A system basis chip (SBC) includes a serial peripheral interface (SPI) for communication with a processor, a set of registers for storing information operable to control an external communication interface device, and a control signal output adapted to be coupled to the external communication interface device. In some embodiments, the external communication interface device is an external local interconnect network device. In other embodiments, the external communication interface device is an external control area network device.
The set of registers can include a first register for storing information indicative of a function of the control signal for the external communication interface device and a second register for storing information indicative of a value of the control signal for the external communication interface device. The information indicative of the function of the control signal for the external communication interface device can include information indicative of at least one of: a supply voltage interrupt, a watchdog interrupt event, a counter-based watchdog interrupt event, a local wakeup request, a bus wakeup request, an entrance into a fail-safe mode of operation, and a general purpose output signal.
In some implementations, the control signal output is a first control signal output, and the SBC also includes a second control signal output adapted to be coupled to a voltage regulator for selectively enabling a supply voltage and a supply voltage input adapted to be coupled to a power supply. The SBC can further comprise a supply voltage output adapted to be coupled to the external communication interface device. The second control signal for selectively enabling the supply voltage can be configured to selectively enable a first supply voltage for a first type of external communication interface device and a second supply voltage for a second type of external communication interface device. The supply voltage input receives the first supply voltage or the second supply voltage, and the supply voltage output adapted to be coupled to the external communication interface device provides the first supply voltage or the second supply voltage to the external communication interface device.
The SBC can further include a wakeup signal input adapted to be coupled to a wakeup controller. In some implementations, the wakeup signal input is a first wakeup signal input, and the external communication interface device includes a second wakeup signal input adapted to be coupled to the wakeup controller. In some embodiments, the wakeup controller is a first wakeup controller, and the second wakeup signal input of the external communication interface device is adapted to be coupled to a second wakeup controller.

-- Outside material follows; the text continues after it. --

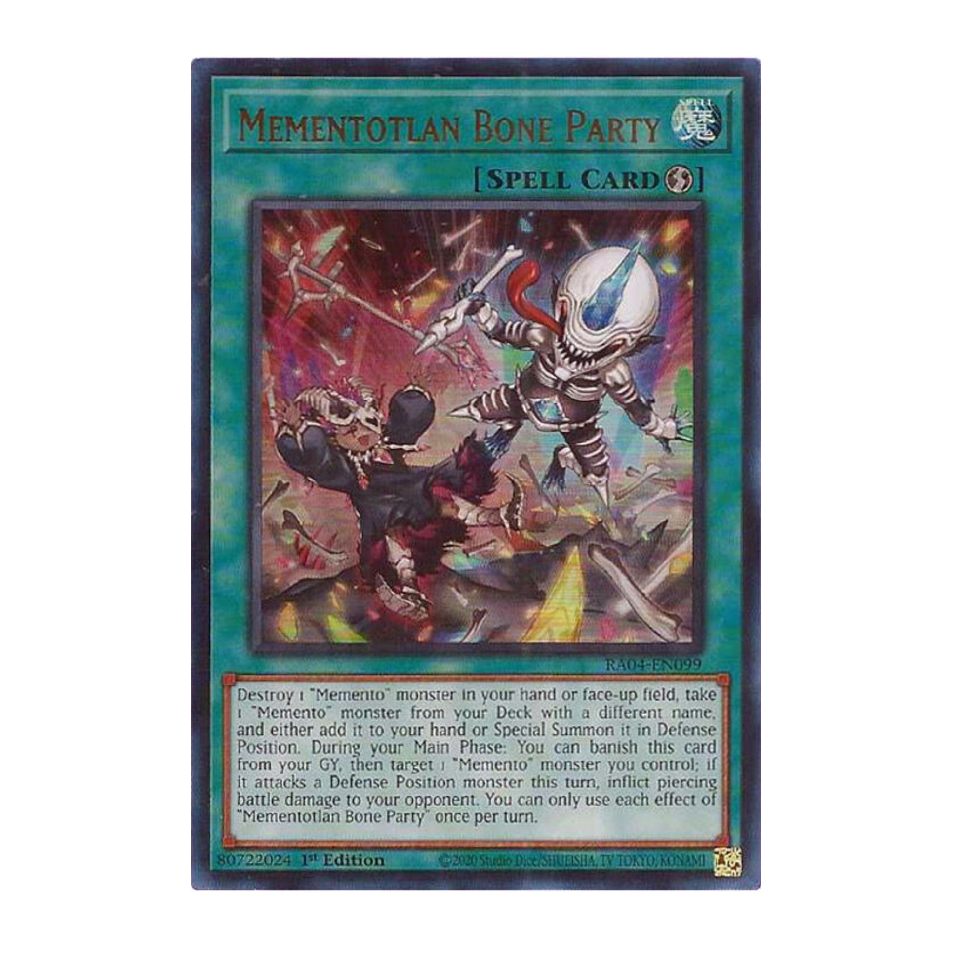 Destroy 1 "Memento" monster in your hand or face-up field, take 1 "Memento" monster from your Deck with a different name, and either add it to your hand or Special Summon it in Defense Position. During your Main Phase: You can banish this card from your GY, then target 1 "Memento" monster you control; if it attacks a Defense Position monster this turn, inflict piercing battle damage to your opponent. You can only use each effect of "Mementotlan Bone Party" once per turn.

For a detailed description of various examples, reference will now be made to the accompanying drawings in which:
The same reference numerals are used in the drawings to designate the same or similar (by function and/or structure) features.
The disclosed system basis chip (SBC) enables a processor to control an external communication interface device via the SBC, rather than directly via the processor's own general purpose input/output pins. The SBC provides a control signal and can also provide a supply voltage to the external communication interface device. The SBC includes a serial peripheral interface (SPI) configured to communicate with the processor and a set of registers configured to store information for controlling the external communication interface device. For example, the set of registers includes a first register for a polarity for the control signal and a second register for what information causes the control signal to be active.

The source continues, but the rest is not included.